How does the USDA measure and calculate the calories in food?

Energy is trapped in the molecular bonds inside food, and used by the body for all sorts of physical activities: shopping, studying, jogging, reading this book. A calorie is a way to measure that energy, both as it is supplied, and as it is burned.

Energy is discussed in terms of heat.

One calorie, the term calorie here actually referring to a kilocalorie, is the amount of heat it takes to raise the temperature of one kilogram of water (about a quart) by one degree Celsius. When you read that a bowl of Cheerios and milk has 150 calories, it means that this breakfast contains the energy to raise about 150 quarts of water one degree Celsius.

Obviously, if you added a bowl of Cheerios to a kilogram of water it wouldn’t automatically raise the temperature. You have to break the chemical bonds to first release and then to measure the energy. Your body’s cells break the bonds and store the energy, and so does a piece of equipment called a bomb calorimeter.

A bomb calorimeter is small enough to sit on a table. It has an inner chamber called a “bomb,” and an outer chamber filled with water, and both are surrounded by insulation. The bomb contains only oxygen and an electrical igniter. A thermometer measures the temperature of the water in the outer chamber.

An item of food, for example, that bowl of Cheerios (without the bowl, unless you want to know the calorie content of that, too), is placed inside the inner chamber, and ignited with the fuse. As the Cheerios and milk burn, the chemical bonds in the food are broken, and the water temperature rises in the outer chamber. The thermometer tells us that the cereal and milk have warmed the kilogram of water; we can calculate the calories by how much that amount of water was warmed.

You can probably guess that nutrition researchers hardly use the bomb calorimeter anymore. Using it years ago, they discovered that one gram of pure carbohydrate always supplies 4.10 calories; that one gram of pure protein supplies 5.65 calories (in the body, 4.35 calories), and that one gram of pure fat supplies 9.45 calories.

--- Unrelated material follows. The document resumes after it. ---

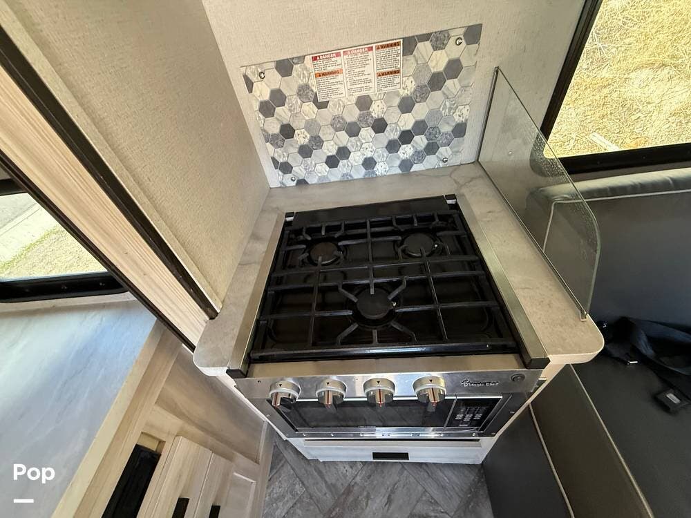 The kitchen is fully equipped with a stainless-steel sink, solid-surface countertops, a 3-burner cooktop, oven, microwave, and a full-size refrigerator -- perfect for meals on the go.

After laboratory analysis of the fat, carbohydrate and protein content, researchers know the makeup of our bowl of Cheerios simply by doing the math. And the U.S. Department of Agriculture has done the math for almost every imaginable kind of food already, and has published the results.

Incidentally, one way to measure the energy used by a person (rather than eaten by a person) is in a device similar to the bomb calorimeter, but bigger. A person working in the inner chamber burns off calories and the air gets warmer. Have you ever been in an aerobics room after class? Same thing.

The energy raises the temperature of water in pipes located at the top of the chamber, and we can see how many calories have been burned.